** WHAT YOU SHOULD DO **
Transcribe the data that follows in full. Leave out the pictures.

[Items from a dataset]

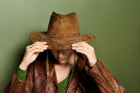 Brunette woman adjusts her cowboy hat while wearing a stylish leather jacket in a cozy setting.
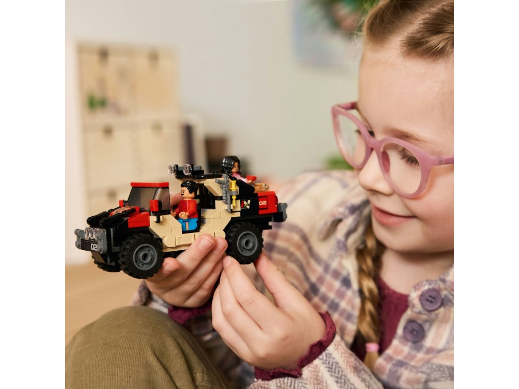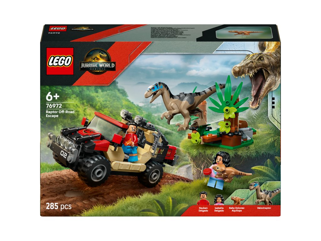 Stavebnice LEGO® Jurassic World (76972) Únik před raptorem v terénním autě je inspirovaná filmem Jurassic World: Rebirth a poslouží jako skvělý dárek pro kluky a holky od 6 let, kteří milují tyto pravěké tvory. Až děti stavebnici poskládají, připomenou si své oblíbené filmové scény nebo vymyslí nové příběhy s minifigurkami Reubena a Isabelly Delgadových, figurkou mláděte dinosaura Dolores a figurkou velociraptora s pohyblivou čelistí. Stavebnice obsahuje terénní auto a sledovací zařízení, keř se efektem „překvapení“, který můžete použít během hry s velociraptorem, a spoustu dalšího.
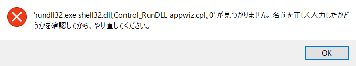 例えば、次のコードは「プログラムの追加と削除」を開くコマンドですが、
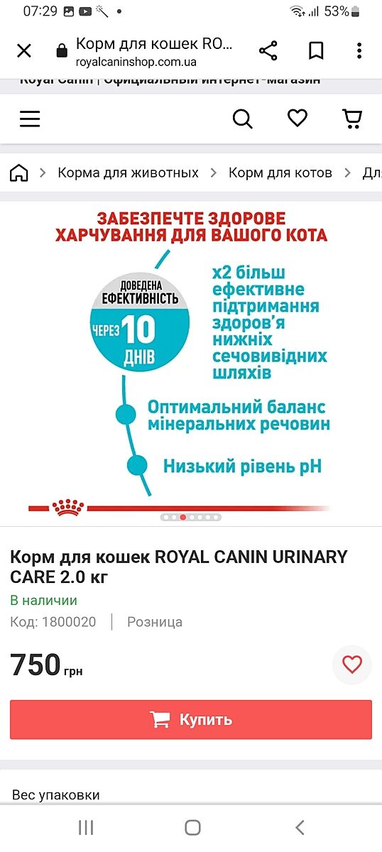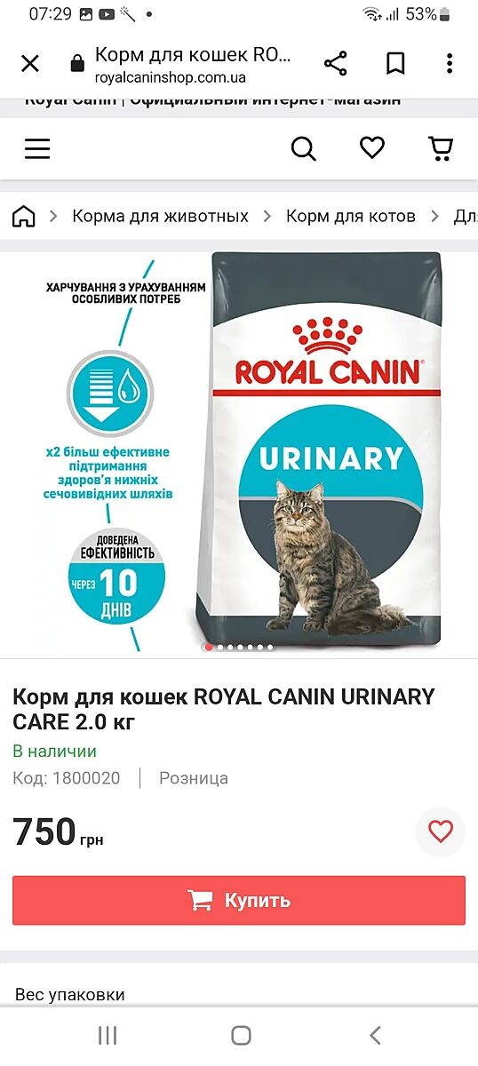У Роял два види корму для здоров´я сечовивідної системи, ось цей більш лікувальний, розчиняє пісок і конкременти
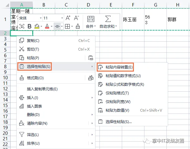 03. 这样数据就被分成一个个窗格了,如果你想要让数据变成竖向的,可以全选复制,将光标移动到【选择性粘贴】,点击【粘贴内容转置】就可以了。

** WRITTEN RESPONSE **
 Brunette woman adjusts her cowboy hat while wearing a stylish leather jacket in a cozy setting.
 Stavebnice LEGO® Jurassic World (76972) Únik před raptorem v terénním autě je inspirovaná filmem Jurassic World: Rebirth a poslouží jako skvělý dárek pro kluky a holky od 6 let, kteří milují tyto pravěké tvory. Až děti stavebnici poskládají, připomenou si své oblíbené filmové scény nebo vymyslí nové příběhy s minifigurkami Reubena a Isabelly Delgadových, figurkou mláděte dinosaura Dolores a figurkou velociraptora s pohyblivou čelistí. Stavebnice obsahuje terénní auto a sledovací zařízení, keř se efektem „překvapení“, který můžete použít během hry s velociraptorem, a spoustu dalšího.
 例えば、次のコードは「プログラムの追加と削除」を開くコマンドですが、
У Роял два види корму для здоров´я сечовивідної системи, ось цей більш лікувальний, розчиняє пісок і конкременти
 03. 这样数据就被分成一个个窗格了,如果你想要让数据变成竖向的,可以全选复制,将光标移动到【选择性粘贴】,点击【粘贴内容转置】就可以了。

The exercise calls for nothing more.